1. Field of the Invention
The present invention relates a surface treatment of a glass fabric used for a fiber reinforced composite such as multilayer circuit boards.
2. Disclosure of the Prior Art
In the past, glass yarns coated with an organic compound are woven to obtain a glass fabric used to make a fiber reinforced composite such multilayer circuit boards. The organic compound is called as a sizing agent and acts as a protecting film for the glass yarns. After a weaving step the glass fabric is heated at about 400.degree. C. over a period of several tens of hours to remove the organic compound from the glass fabric. This heat treatment is known as a heat-cleaning treatment. Subsequently the glass fabric, free of the organic compound, is treated with a coupling agent to improve adhesion between the glass fabric and a resin which is used at a later stage of manufacturing the multilayer circuits boards. An organosilane compound can be used as the coupling agent. For example, the glass fabric may be dipped in a solution including the coupling agent diluted with an organic solvent or water. The resin is impregnated into the treated glass fabric to a form a prepreg. The multilayer circuit board can be manufactured by stacking and compressing a plurality of copper foils and prepregs.

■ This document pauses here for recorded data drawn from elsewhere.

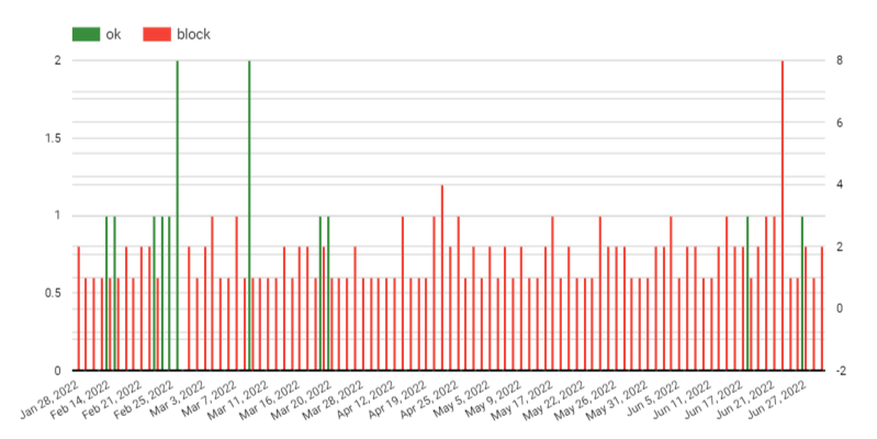 54 pages on political criticism were blocked during the testing period by and up to 4360 blocking times. Network operators may use DNS tampering and block IP addresses of these websites to blacklist and making them inaccessible. FPT and Viettel used DNS tampering whistle VNPT almost always uses TLS ‘connection timeout and close’. The result of blocking over time is a fluctuating variable.
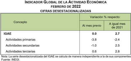 En febrero de 2022 y con cifras desestacionalizadas, el Indicador Global de la Actividad Económica (IGAE) no presentó variación a tasa mensual.
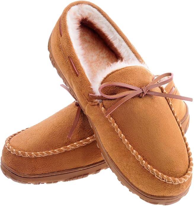 Mens Slippers Moccasins Slippers, $29.69 — You can't go wrong with these durable slippers, which feature slip-resistant rubber soles. The ultra-comfortable slippers are great for wearing around the house but can also be worn in outdoor environments or while driving.
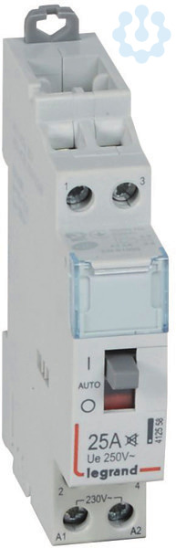 Legrand Installationsschütz CX3, Spulenspannung AC 230 V, 2-polig, Ausführung: 2 Schließer, Bemessungsbetriebsstrom Ie 25 A/ 250 VAC, brummfrei, mit Handschalter. Nach EN 61095, Gebrauchskategorie AC-1/AC-7a und AC-3/AC-7b, Installationsschütze zum Schalten von Lasten wie z.B. Lampengruppen, Motoren und Heizungen, mit Beschriftungsfenster, mit Schaltzustandsanzeige, Befestigung auf Hutprofilschiene EN 60715 durch rastende Schnellbefestigung, Anbau von Hilfsschaltern möglich.
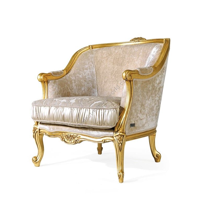 This is an armchair with a frame made on pantograph, hand finished beech wood. Non deformable polyurethane foam upholstery. Back padded with goose feather. Reversible seat cushion with down filling and Super Soft System.
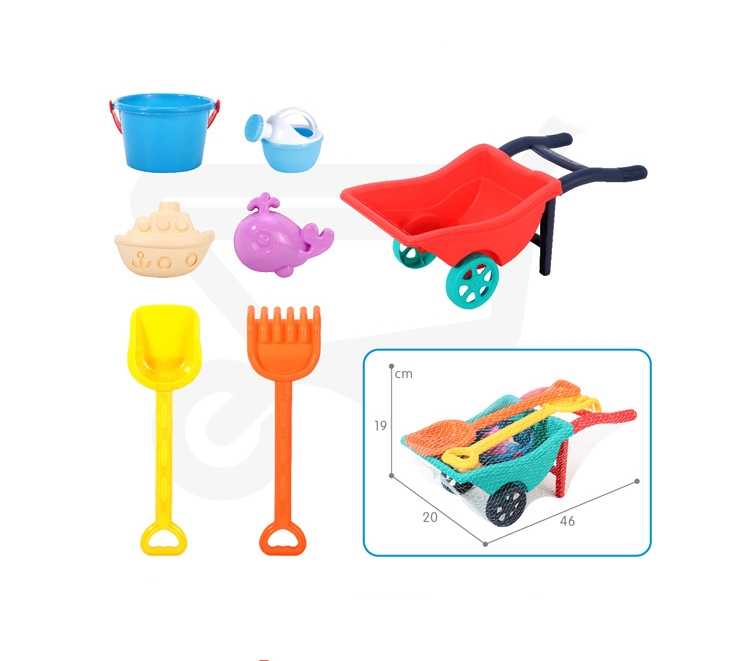 Carretilla Juguete De Playa Balde Rastrillo Moldes Juego 6p
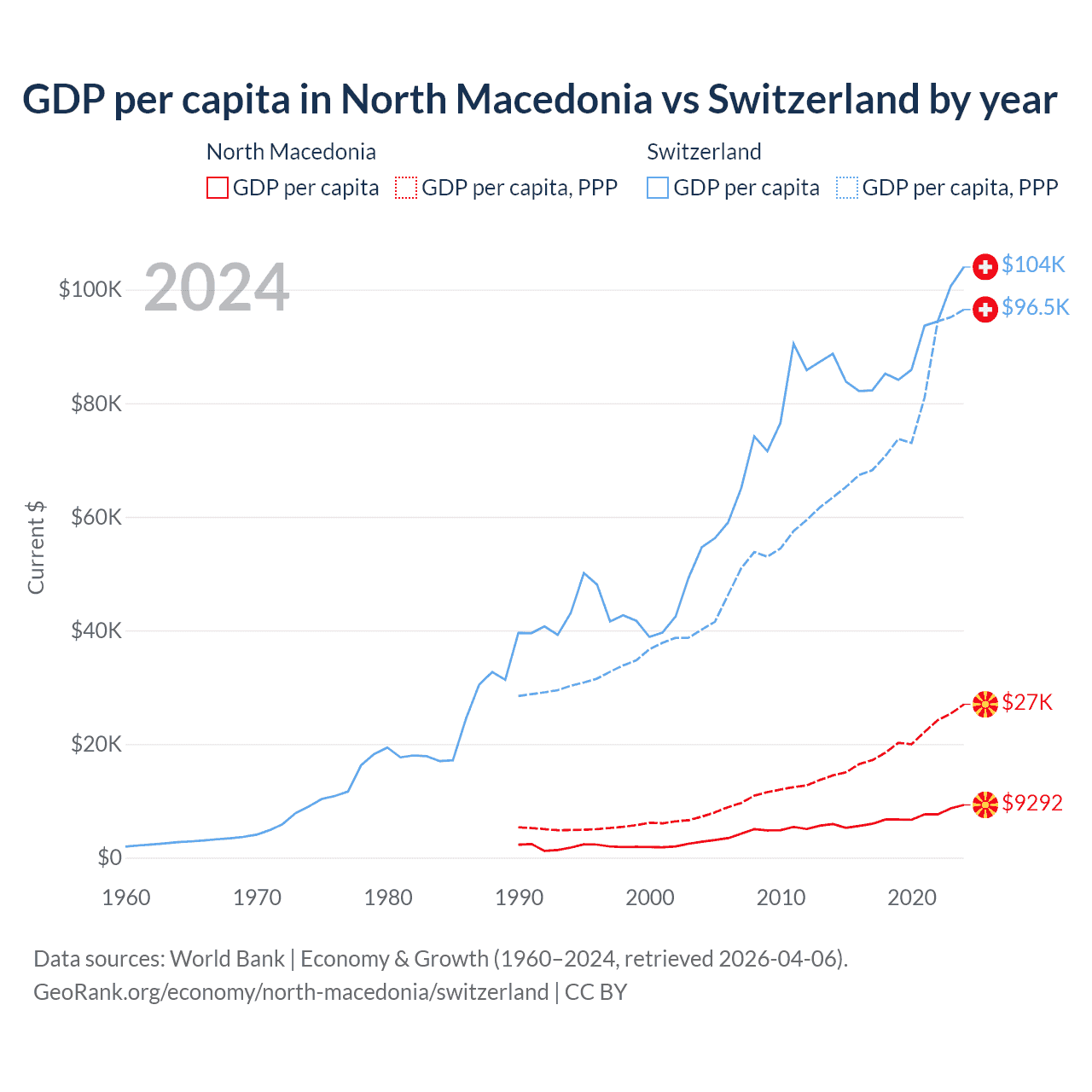 GDP per capita in North Macedonia vs Switzerland by year

When the organic compound is not sufficiently removed from the glass fabric by the heat-cleaning treatment, there arises a problem of decreasing the adhesion between the glass fabric and the resin because the glass fabric can not be uniformly,treated with the coupling agent. In addition, when carbon is left on the glass fabric as a residue of the organic compound, there is a probability of adversely influencing the insulating property of the fiber reinforced composite.
Thus, the heat-cleaning treatment is an important step necessary for producing good multilayer circuit boards. However, as described above, since the heat-cleaning treatment requires heating the glass fabric at about 400.degree. C. over the period of several tens of hours, there is a problem of providing a low production rate of the glass fabric, free of the organic compound, in spite of using a relatively large amount of energy. To improve the production rate, Japanese Patent Early Publications [KOKAI] Nos. 62-111493 and 64-1733 to 1735 propose to perform a plasma treatment to the glass fabric under a reduced pressure to remove the organic compound from the glass fabric, or perform the plasma treatment simultaneously with the heat-cleaning treatment. However, since the plasma treatment is performed under a reduced pressure, there is a problem of requiring an expensive and complex furnace with a vacuum apparatus.
On the other hand, for small-sizing electronic devices and providing high performance to the devices, it is desired to produce printed circuit boards or multilayer printed boards having high-density circuits. In particular, as a distance between through-holes or a distance between a conductive pattern of an internal layer of the multilayer printed board and a through-hole becomes to be shorter to form the high-density circuits, there arises an undesired phenomenon of deteriorating the insulating property therebetween. As one of the reasons for such a phenomenon, the influence of copper migration should be considered. The copper migration is explained as follows. That is, when an electric potential is applied between copper circuits under the condition of high humidity, copper of the circuit corresponding to an anode is dissolved, and the dissolved copper diffuses through an insulating portion and deposits on the copper circuit corresponding to a cathode, so that the insulation between the circuits is broken. When the copper migration happens at the interface between a resin and the glass fabric which is located between the through-holes or between the through-hole and the conductive pattern of the internal layer, it is called a CAF (Conductive Anodic Filaments). It is believed that the CAF is caused by an insufficient adhesion between the resin and the glass fabric. In other words, it is believed that the CAF happens through a clearance between the resin and glass fabric which is caused when the adhesion therebetween is poor, or by damages of drilling of the through-holes. Therefore, it is possible to prevent the occurrence of the CAF by improving the adhesion between the resin and glass fabric.
Consequently, a more effective surface-treatment of the glass fabric is desired to improve the above described problems.